Assigned task: Print out every line of the material exactly. Include no pictures.

>>>

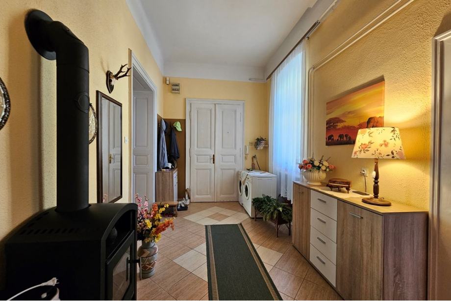 Stanovanje je popolnoma opremljeno in obnovljeno za sodobne potrebe: je Simbol staromeščanske celje hiše z visokim stanadrom bibivanja v centru celja: Vključuje svetle delovne površine, kuhinjo z jedilnico in pečjo na drva na hodniku, visokimi stropovi ,sodobna, dve parkirišči in lastna senca velikih krošenj. Plinska peč za ogrevanje in sanitarno vodo, pomivalni stroj, elektrika, internet-optični kabel ter kabelski priključi omogočajo visoko udobje. Stanovanje vključuje tudi klet/shrambo in podstrešje ter dva parkirna prostora za dodatno praktičnost.
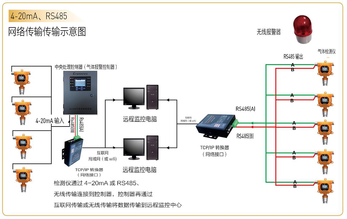 5、氣體檢測儀/檢測報警儀網絡傳輸示意圖(4-20MA/RS485信號)
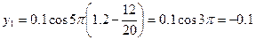 где А = 0,1 м, ω = 5π с-1, υ = 20 м/с. Чтобы найти смещение y указанных точек, достаточно в уравнение (2) подставить значения t и х:
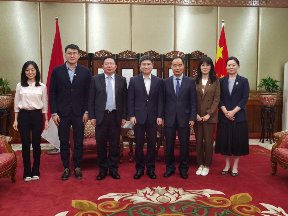 在印度尼西亚访问期间,吉俊民一行拜访了中华人民共和国驻印度尼西亚大使馆,与中国驻印尼使馆临时代办周侃公使就中印尼教育、文化交流等方面进行了交谈。
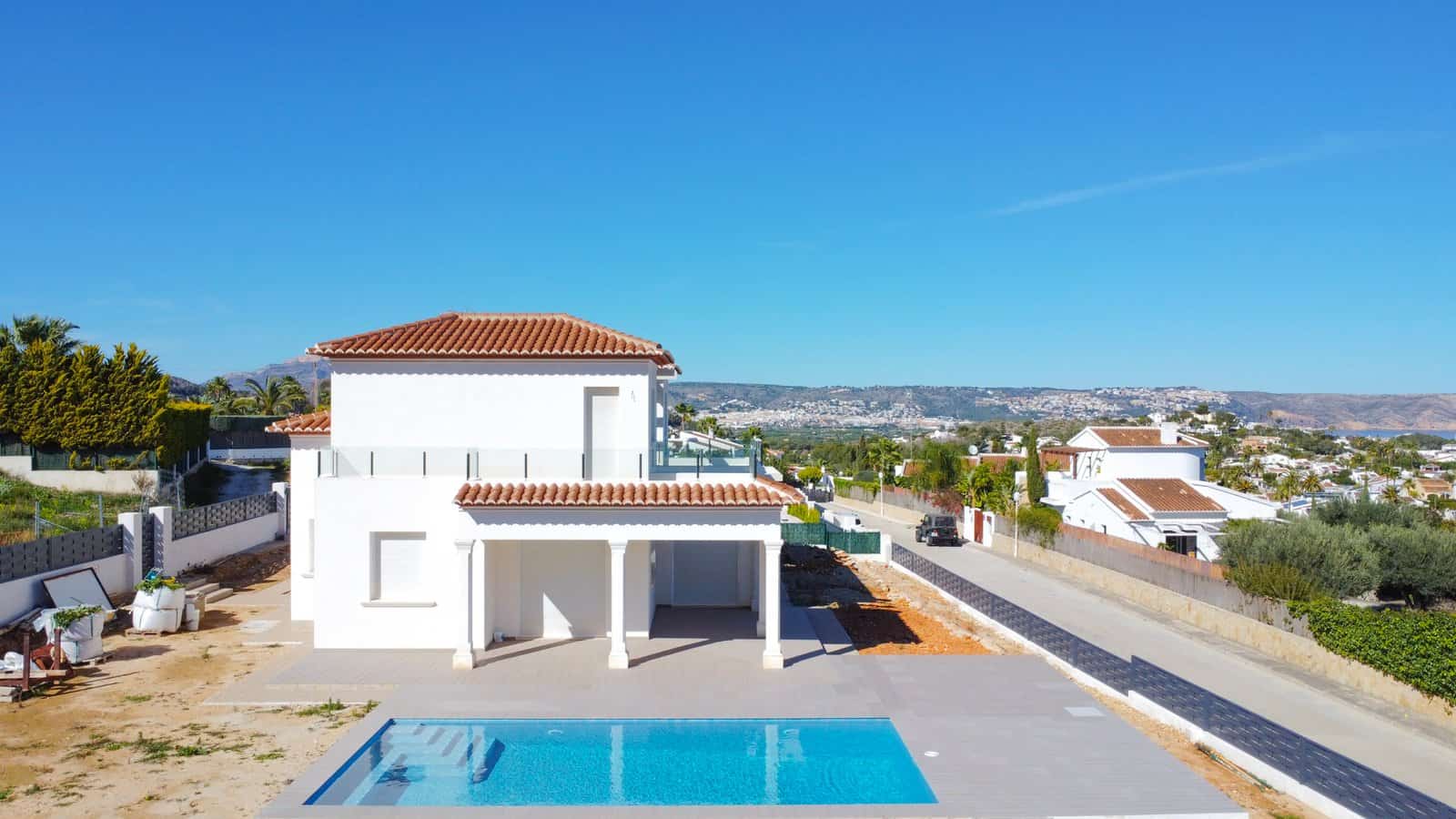 La parcela es de aproximadamente 1.000 m² y es llana. Desde el salón hay acceso directo a una amplia terraza de piscina. El dormitorio principal también tiene acceso a una terraza privada. Varias terrazas disfrutan de vistas al mar. Hay una gran piscina y espacio de aparcamiento para dos coches.

<<<

Your solution:
 Stanovanje je popolnoma opremljeno in obnovljeno za sodobne potrebe: je Simbol staromeščanske celje hiše z visokim stanadrom bibivanja v centru celja: Vključuje svetle delovne površine, kuhinjo z jedilnico in pečjo na drva na hodniku, visokimi stropovi ,sodobna, dve parkirišči in lastna senca velikih krošenj. Plinska peč za ogrevanje in sanitarno vodo, pomivalni stroj, elektrika, internet-optični kabel ter kabelski priključi omogočajo visoko udobje. Stanovanje vključuje tudi klet/shrambo in podstrešje ter dva parkirna prostora za dodatno praktičnost.
 5、氣體檢測儀/檢測報警儀網絡傳輸示意圖(4-20MA/RS485信號)
 где А = 0,1 м, ω = 5π с-1, υ = 20 м/с. Чтобы найти смещение y указанных точек, достаточно в уравнение (2) подставить значения t и х:
 在印度尼西亚访问期间,吉俊民一行拜访了中华人民共和国驻印度尼西亚大使馆,与中国驻印尼使馆临时代办周侃公使就中印尼教育、文化交流等方面进行了交谈。
 La parcela es de aproximadamente 1.000 m² y es llana. Desde el salón hay acceso directo a una amplia terraza de piscina. El dormitorio principal también tiene acceso a una terraza privada. Varias terrazas disfrutan de vistas al mar. Hay una gran piscina y espacio de aparcamiento para dos coches.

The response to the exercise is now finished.